Feat: Ontology-aware validate_extracted_graph with fallback-scope classification (prerequisite for #75)

# Feat: Ontology-aware `validate_extracted_graph(spec, graph)` with fallback-granularity classification

> **Status**: Prerequisite issue, split out from epic [#75](https://github.com/GoogleCloudPlatform/BigQuery-Agent-Analytics-SDK/issues/75). Independently useful — ships a validator the SDK needs regardless of whether the epic proceeds.

## Goal

Ship a real ontology-aware validator that checks an `ExtractedGraph` against a `ResolvedGraph` (the runtime-facing spec surface), not just container shape. Return a structured `ValidationReport` that classifies each failure by the smallest safe unit of replacement (field / node / edge / event), so downstream consumers can fall back at the right granularity.

## Motivation

### What exists today

- [`extracted_models.py:18`](https://github.com/GoogleCloudPlatform/BigQuery-Agent-Analytics-SDK/blob/main/src/bigquery_agent_analytics/extracted_models.py) defines `ExtractedProperty.value: Any` — no ontology-level type check.
- `ExtractedGraph` validates container shape (nodes/edges are lists, fields present) but not ontology correctness: unknown field names survive, type mismatches pass, unknown entity types aren't rejected.
- [`ontology_materializer.py:263`](https://github.com/GoogleCloudPlatform/BigQuery-Agent-Analytics-SDK/blob/main/src/bigquery_agent_analytics/ontology_materializer.py) silently drops unknown fields and lets missing edge keys become empty strings.

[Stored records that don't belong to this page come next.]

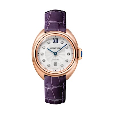 –Clé de Cartier llega a nuestro país en configuración de oro rosa (caja y brazalete) con engaste de diamantes, además presenta nuevos colores para las correas. Destaca el espectacular morado para la piel de cocodrilo, pero también el nivel de personalización que puede adquirir de acuerdo a la predilección de su selecta clientela, que podrá solicitarlo con total libertad en el punto de venta autorizado.
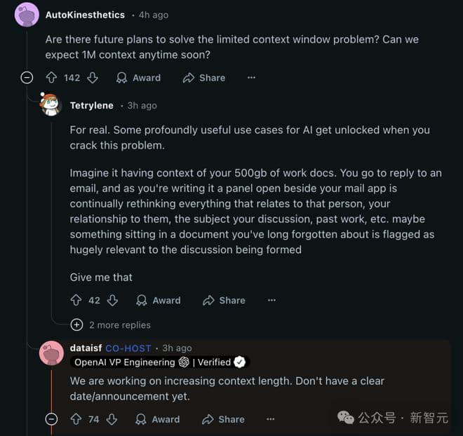 工程副总Srinivas Narayanan:我们正在努力增加上下文长度。还没有明确的日期/公告。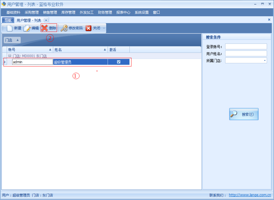 如需要對(duì)用戶(hù)進(jìn)行刪除的,通過(guò)用戶(hù)管理列表界面,選中一條記錄。點(diǎn)擊【刪除】按鈕,刪除即可。

The practical consequence: an LLM or hand-written extractor can produce output that "validates" through Pydantic but maps to nonsense rows in the property-graph DDL — empty-string edge keys, orphan edges pointing at `node_id`s the extractor never emitted, properties with string values on int fields.

### Why this is a prerequisite for epic [#75](https://github.com/GoogleCloudPlatform/BigQuery-Agent-Analytics-SDK/issues/75)

The epic's per-field / per-node / per-edge / per-event fallback model depends on a validator that can actually *detect* each failure class and classify it correctly. Without this issue, the fallback logic has nothing to trigger on.

### Why it's independently useful

The validator is useful outside the epic for:

- **Validating any extraction output** — LLM (`AI.GENERATE`) or hand-written (`structured_extraction.py`) — before materialization. Catches silent data-quality issues today.
- **Testing ontology authoring** — a unit test that asserts a golden `ExtractedGraph` fixture round-trips valid gives ontology authors fast feedback.
- **CI gate on generated fixtures** — new ontologies get a "does a sample extraction validate?" check for free.

## API

The validator's primary input surface is **`ResolvedGraph`** (from [`resolved_spec.py:100`](https://github.com/GoogleCloudPlatform/BigQuery-Agent-Analytics-SDK/blob/main/src/bigquery_agent_analytics/resolved_spec.py#L100)) — the runtime-facing view that extraction, materialization, DDL compilation, and GQL generation all already consume. `ResolvedGraph` carries physical column names, SDK-normalized types, and primary-key metadata already mapped through the binding, so the validator doesn't need `Ontology` + `Binding` separately.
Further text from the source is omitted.